Above: Lee Myung Bak
North and South Korea ties are thinning anew.
North Korea unleashed propaganda against the South’s recently elected president, Lee Myung-bak (pictured above), calling him a “traitor” and a “US sycophant.” Sycophant, for those who are unfamiliar with the term, is the same as a back scratcher, or a boot licker, or, how do we put this politely… um, a “behind” kisser.
After nearly a decade of peace and reconciliation, the North is suddenly on the attack.
Mr. Lee “is making a mess of the process to denuclearize the peninsula,” said a long article in Rodong Shinmun, North Korea’s most assertive and dictatorial government newspaper. “The Lee regime will be held fully accountable for the irrevocable catastrophic consequences to be entailed.”
Pictured below is North Korea’s infamous leader, Kim Jong-Il.

President Lee is scheduled to meet with President Bush on the 18th at Camp David. The purpose of the said meeting is to discuss the steps to be taken in dealing with North Korea.
Christopher R. Hill, the United States assistant secretary of state for East Asian and Pacific affairs and current envoy to nuclear talks with North Korea, warned that these recent statements are not helping anybody’s cause. He feels that the North is actually trying to build tension between the countries so as to stall the nuclear negotiations.
President Lee is unlike previous South Korean presidents in that he does not shy away from a fight against the North. He has made an election promise to get tough on his counterpart. He plans to make economic help and humanitarian aid to the North directly dependent on the progress of the dismantling of North Korea’s nuclear weapons programs.
Statements have boiled into military tension between the two countries.
In recent days, North Korea’s navy has warned of naval skirmishes. Also, North Korean air force jets have flown alarming close to the border.
North Korea has threatened to turn the South into a “sea of ashes.”

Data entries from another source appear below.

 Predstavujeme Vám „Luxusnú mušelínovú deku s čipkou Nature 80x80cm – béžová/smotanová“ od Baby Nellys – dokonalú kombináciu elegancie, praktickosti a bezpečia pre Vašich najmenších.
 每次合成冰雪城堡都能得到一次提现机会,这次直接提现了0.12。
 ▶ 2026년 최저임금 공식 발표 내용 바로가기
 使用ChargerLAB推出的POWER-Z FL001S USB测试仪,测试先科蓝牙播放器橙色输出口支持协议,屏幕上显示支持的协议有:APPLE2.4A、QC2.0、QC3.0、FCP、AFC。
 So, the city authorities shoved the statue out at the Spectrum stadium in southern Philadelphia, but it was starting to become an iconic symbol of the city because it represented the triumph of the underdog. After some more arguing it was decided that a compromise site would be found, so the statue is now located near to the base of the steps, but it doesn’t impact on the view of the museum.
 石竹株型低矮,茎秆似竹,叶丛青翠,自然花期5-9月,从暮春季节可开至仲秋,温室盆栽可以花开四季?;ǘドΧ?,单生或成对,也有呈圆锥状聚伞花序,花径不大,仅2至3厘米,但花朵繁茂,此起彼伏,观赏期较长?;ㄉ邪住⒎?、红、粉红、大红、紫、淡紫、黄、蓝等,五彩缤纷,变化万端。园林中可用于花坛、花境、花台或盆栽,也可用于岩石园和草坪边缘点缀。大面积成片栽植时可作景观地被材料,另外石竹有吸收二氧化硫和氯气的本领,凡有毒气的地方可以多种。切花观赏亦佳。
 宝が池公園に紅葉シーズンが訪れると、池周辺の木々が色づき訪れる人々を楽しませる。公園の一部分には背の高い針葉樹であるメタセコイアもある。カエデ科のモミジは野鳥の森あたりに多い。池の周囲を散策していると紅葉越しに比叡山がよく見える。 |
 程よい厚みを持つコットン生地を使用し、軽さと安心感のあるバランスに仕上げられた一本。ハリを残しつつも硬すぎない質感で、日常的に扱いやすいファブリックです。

This recent military tension has discouraged foreign investment in the South, dealing a fatal blow to another of President Lee’s election promises, which is to reinvigorate the South Korean economy.

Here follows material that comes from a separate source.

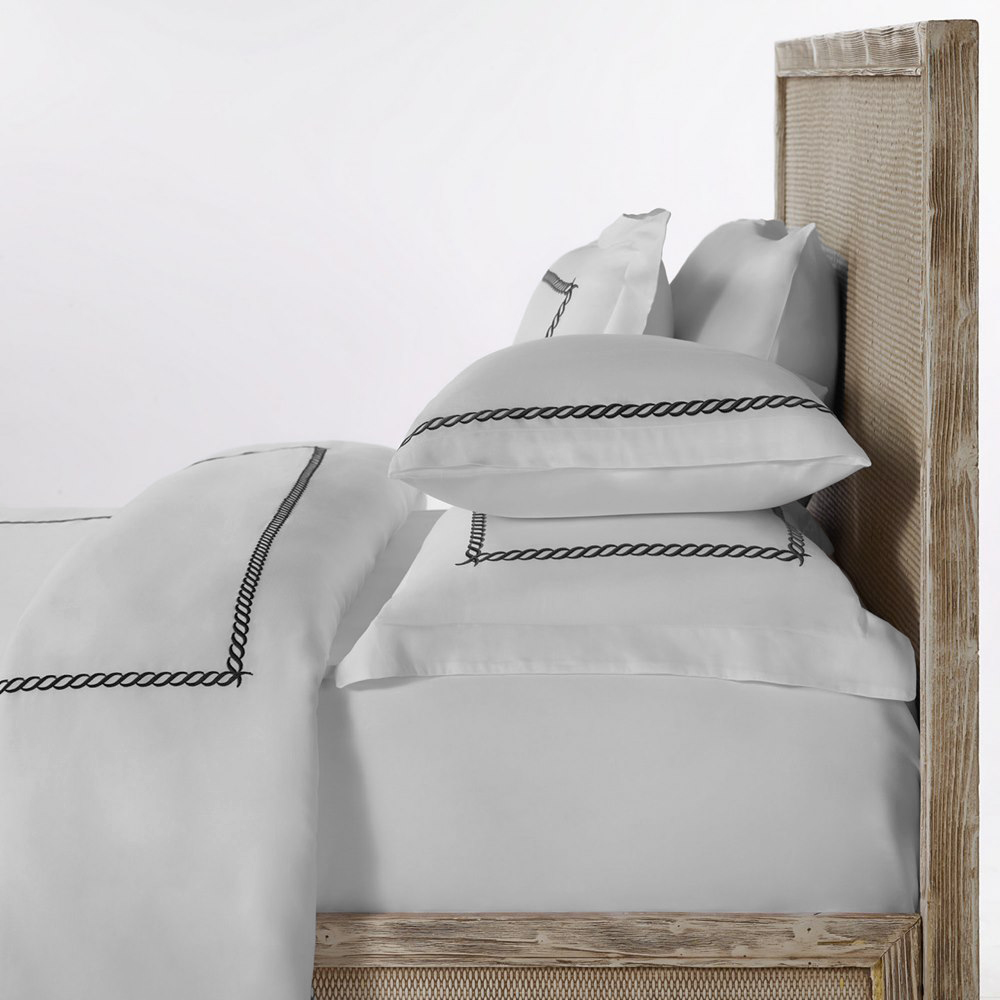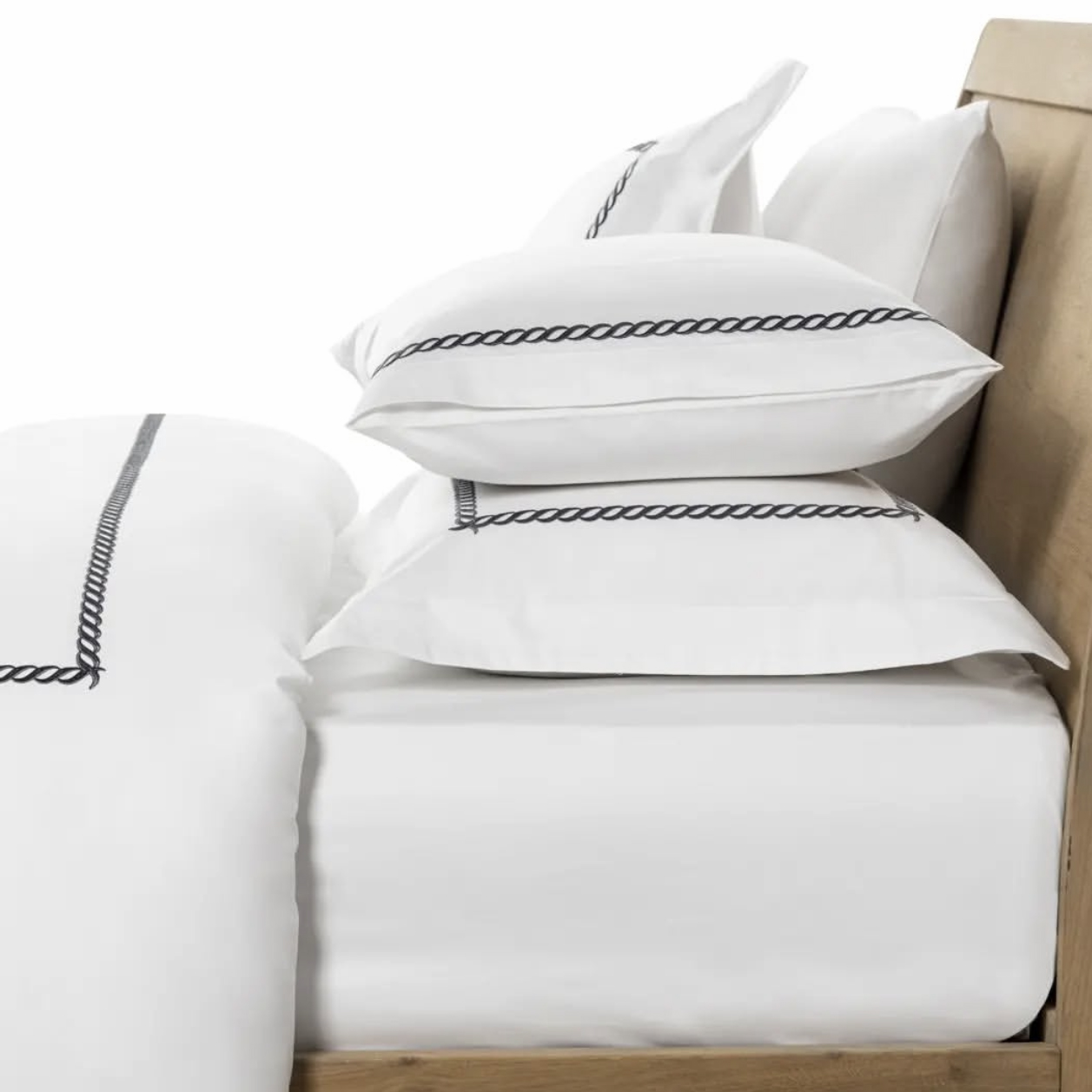 Пододеяльник с вышивкой косами хлопок сатин 300 ТС 200х220 Messina Marine - Белый / Антрацит

Consequently, this further puts the North in a position to shift the blame for the impasse in the nuclear talks towards the South, proving that Lee’s policies are backfiring.
“Is it helpful? I certainly don’t think so,” said US State Department’s deputy spokesman Tom Casey on whether these verbal exchanges between North and South Korea could undermine the six-nation talks on the North Korea’s nuclear program.

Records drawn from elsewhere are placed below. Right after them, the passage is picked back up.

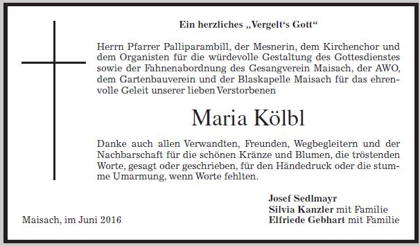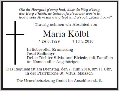 Das Requiem ist am Dienstag, den 7. Juni 2016 um 11 Uhr, in der Pfarrkirche St. Vitus, Maisach Die Urnenbeisetzung findet im Anschluss im Friedhof St. Vitus in Maisach statt.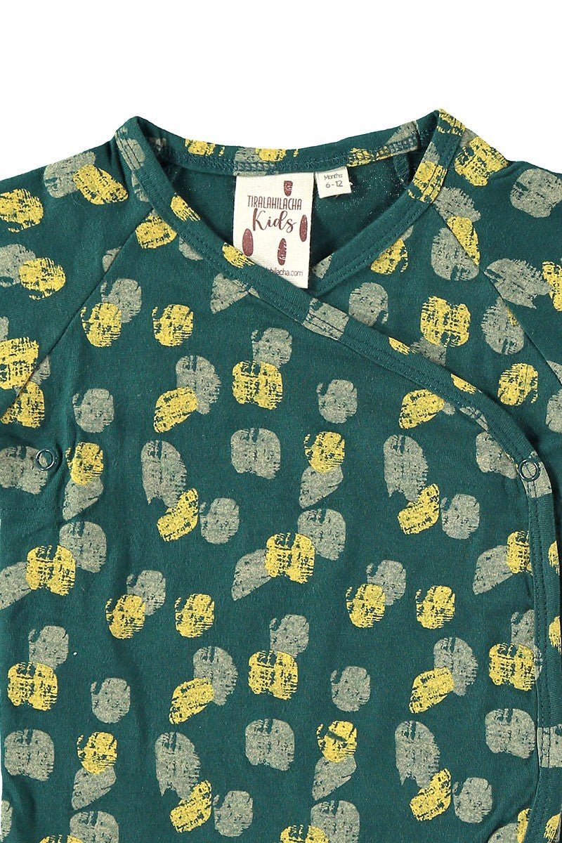 Short-sleeved knitted baby kimono with nickel-free clasps. Its blue-green footprints print from the Kudumbam collection, which means family in Tamil, inspired by the core values that move us at Tiralahilacha, gives the garment a unique and special touch. It feels very soft and pleasant on the skin. In addition, it is made free of toxins and is hypoallergenic.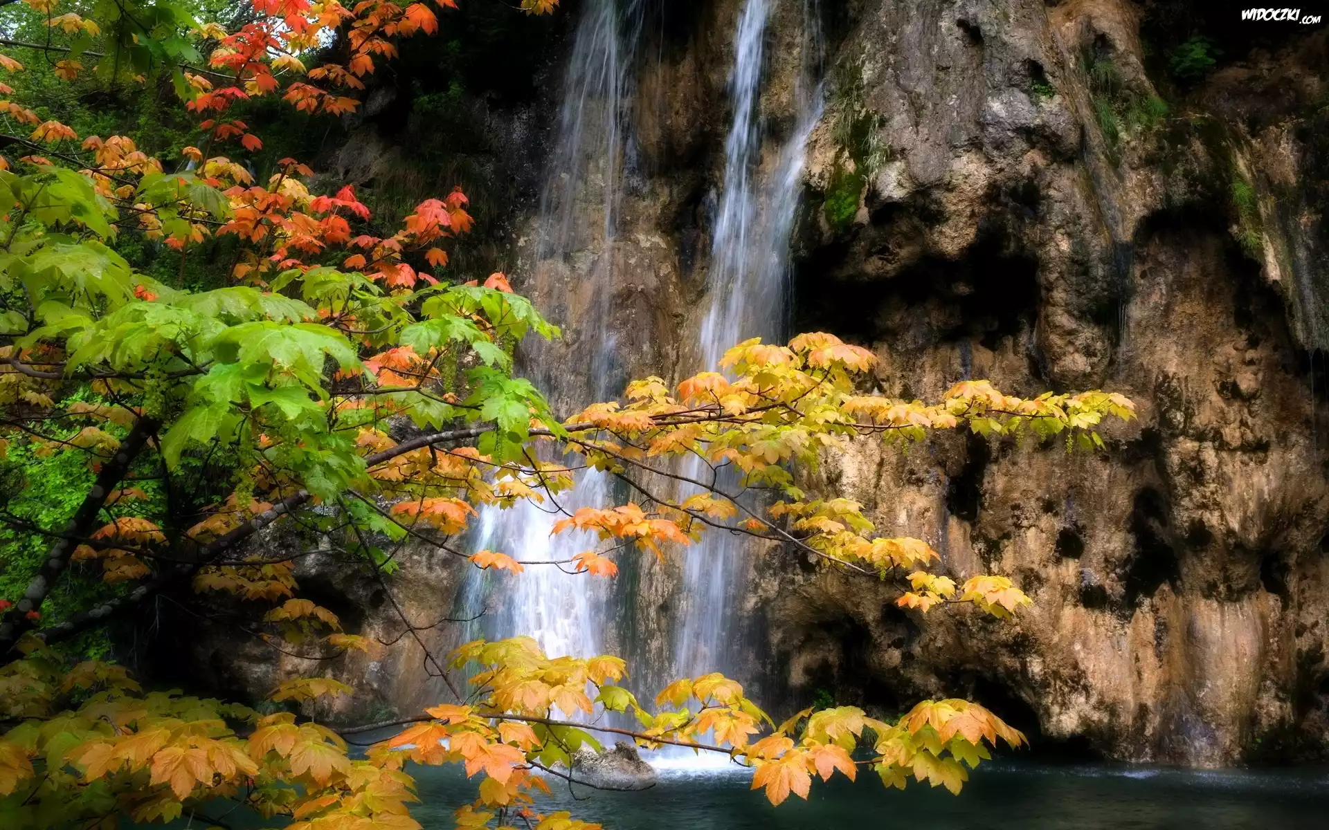 Zdjęcia, Wodospad, Skały, Drzewa, Jesień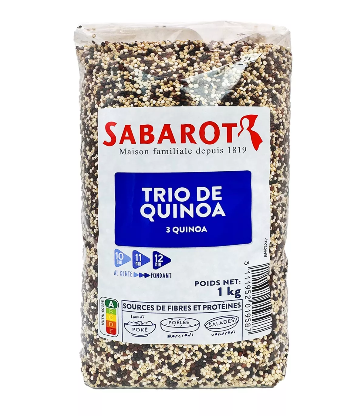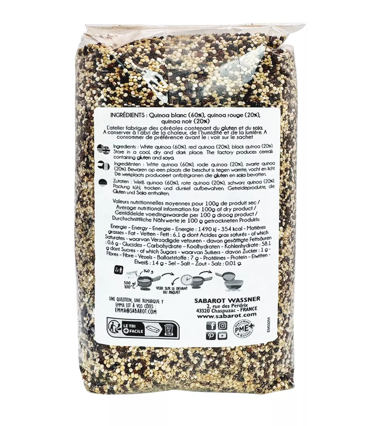 White quinoa, black and red. This product is naturally free of gluten and soy. However, the workshop also processes cereals containing gluten and soy.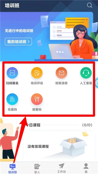 1.培训班页面配备了扫码报名、培训评价、班级消息等便捷功能,方便用户使用。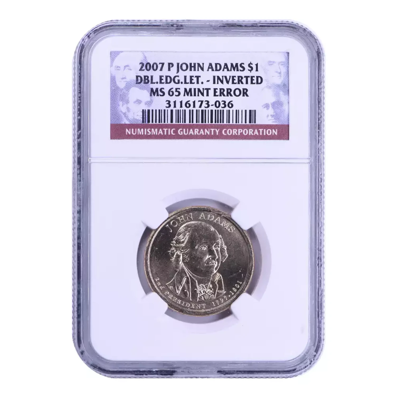 2007 Dollar Presidential NGC MS-65 MINT ERROR DBL.EDG.LET. - INVERTED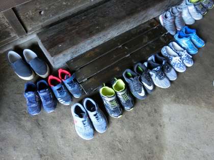 子供たちはとてもお行儀よく説明を聞いたり質問をしたりしていました。くつもしっかりそろえています。

Aside from North and South Korea, the completing countries of the six nations are the United States, Russia, China, and Japan. All these nations are awaiting the official statement on North Korea’s nuclear stockpiles and activities the North had promised to declare by the end of 2007.
“North Korea is sending a warning to the United States and South Korea ahead of their summit,” said Choi Jin-wook of the Korea Institute for National Unification. “It’s the North Korean way of responding to the situation around the Korean Peninsula that is not developing in its favor.”
We all hope that these verbal exchanges remain as they are and not develop into an all out war. We all know that the North Korean army is truly capable of turning the South into dust. But don’t get us wrong, we are totally behind the South in its strict policies. Even with Lee’s economic pressure, we still can’t expect the North to declare their nuclear capabilities – but it’s a valiant effort that we appreciate.